Department of Neurosurgery, Affiliated Hospital of Nantong University, Nantong University, Nantong, 226001, Jiangsu, China.
J Mol Neurosci. 2012 Jan;46(1):184-91. doi: 10.1007/s12031-011-9572-9. Epub 2011 Jul 5.
Pirh2, a p53-induced ubiquitin-protein ligase, has been reported to promote ubiquitin-dependent degradation of p27(kip1), which plays an essential role in mammalian cell cycle regulation and neurogenesis in the developing central nervous system (CNS). However, their distributions and functions in the nervous system lesion and repair remain unclear.
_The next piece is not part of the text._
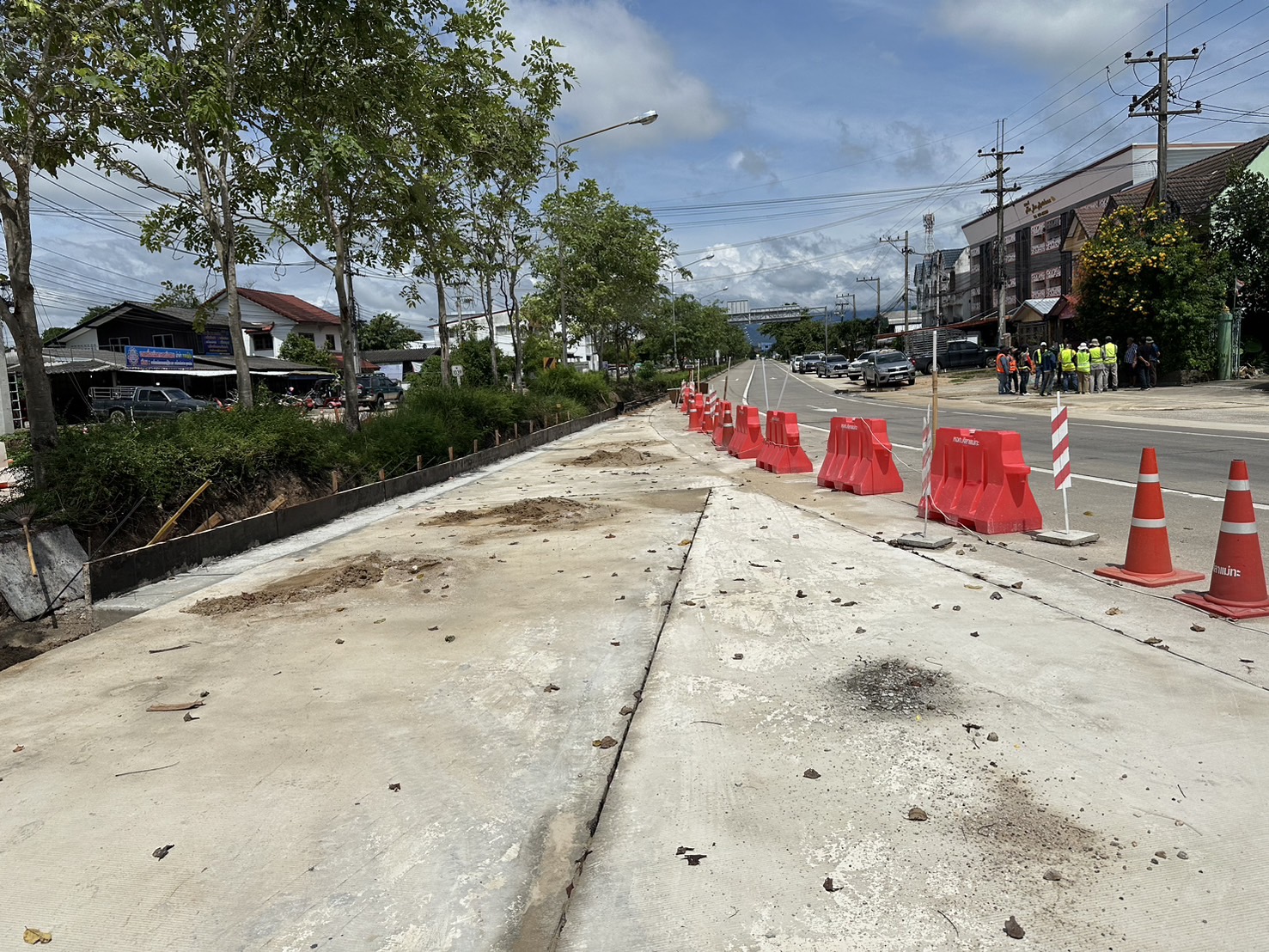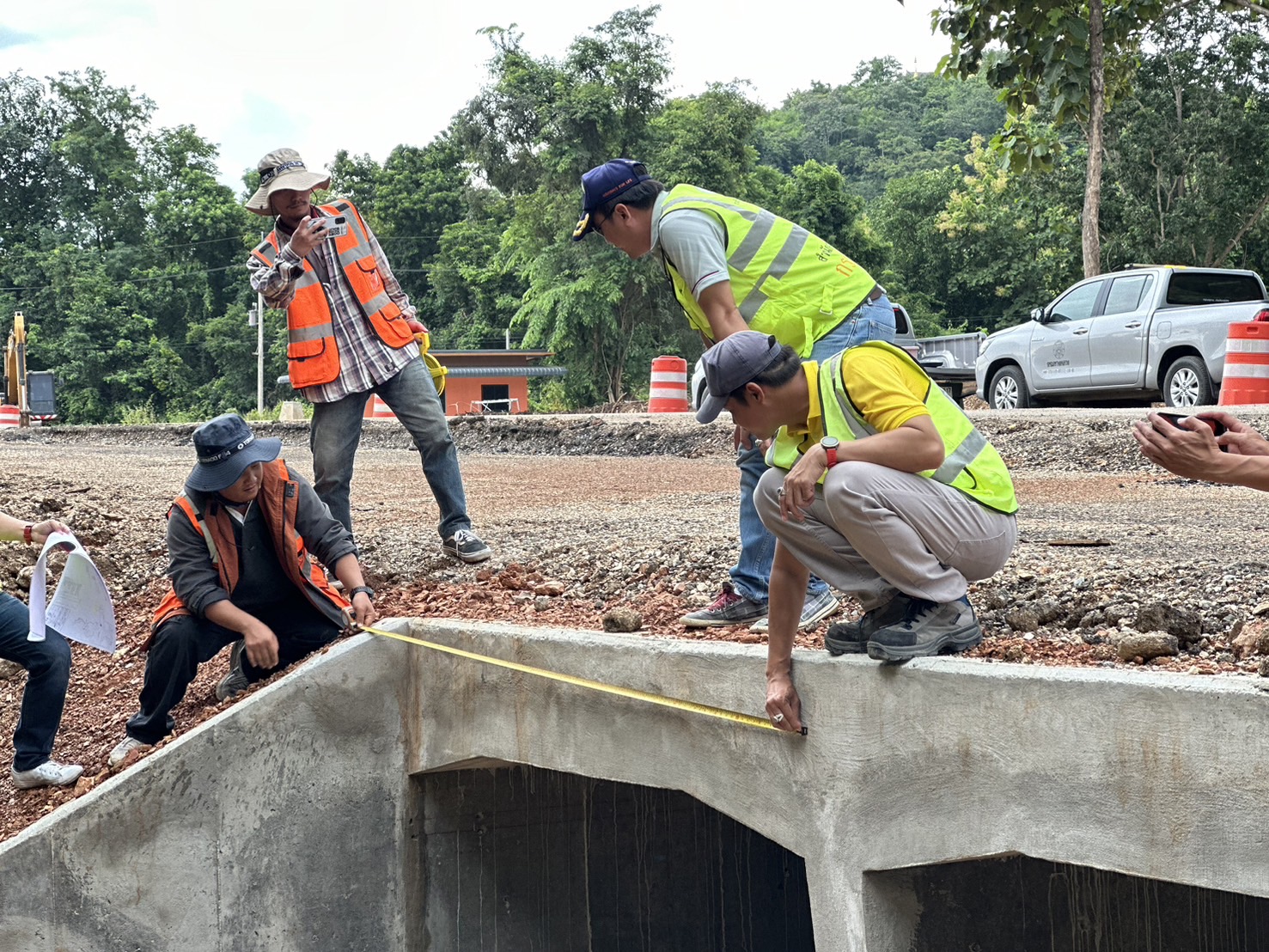 ตรวจติดตามการก่อสร้างตามแผนรายประมาณการกิจกรรมบำรุง รักษาทางหลวง ประจำปี 2567 งานแก้ไขและป้องกันน้ำท่วมทาง ทล.1 ตอน เกาะคา – สามัคคี ตอน 3
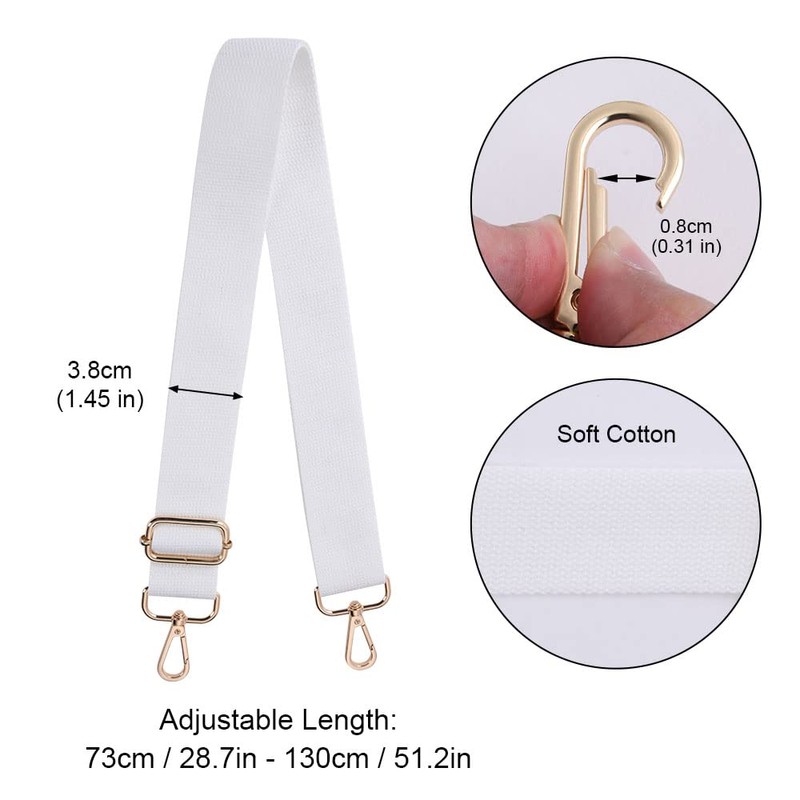 Aucuu Shoulder Strap, Adjustable Colourful Bag Strap, Universal Long Strap, Wide Strap Shoulder Strap for Men and Women, DIY Accessories for Bag, #2 White

In this study, we observed that the up-regulated expression of Pirh2 was concomitant with decreased p27(kip1) level after traumatic brain injury by Western blot and immunohistochemistry. Immunofluorescence double-labeling revealed that Pirh2 was mainly co-expressed with GFAP and CD11b. Meanwhile, we also examined the expression profiles of proliferating cell nuclear antigen (PCNA) whose changes were correlated with the expression of Pirh2. In addition, Pirh2 colocalized with p27(kip1) and PCNA. Immunoprecipitation further showed that they interacted with each other in the pathophysiology process. In summary, our data indicated Pirh2 might be a negative regulator of p27(kip1) and associated with glial proliferation.
Pirh2 是一种 p53 诱导的泛素蛋白连接酶,已被报道可促进 p27(kip1)的泛素依赖性降解,p27(kip1) 在哺乳动物细胞周期调控和发育中中枢神经系统 (CNS) 的神经发生中发挥着重要作用。然而,它们在神经系统损伤和修复中的分布和功能仍不清楚。在这项研究中,我们通过 Western blot 和免疫组织化学观察到创伤性脑损伤后 Pirh2 的表达上调伴随着 p27(kip1)水平的降低。免疫荧光双重标记显示 Pirh2 主要与 GFAP 和 CD11b 共表达。同时,我们还检查了增殖细胞核抗原 (PCNA) 的表达谱,其变化与 Pirh2 的表达相关。此外,Pirh2 与 p27(kip1)和 PCNA 共定位。免疫沉淀进一步表明它们在病理生理学过程中相互作用。总之,我们的数据表明 Pirh2 可能是 p27(kip1)的负调节剂,并与神经胶质细胞增殖有关。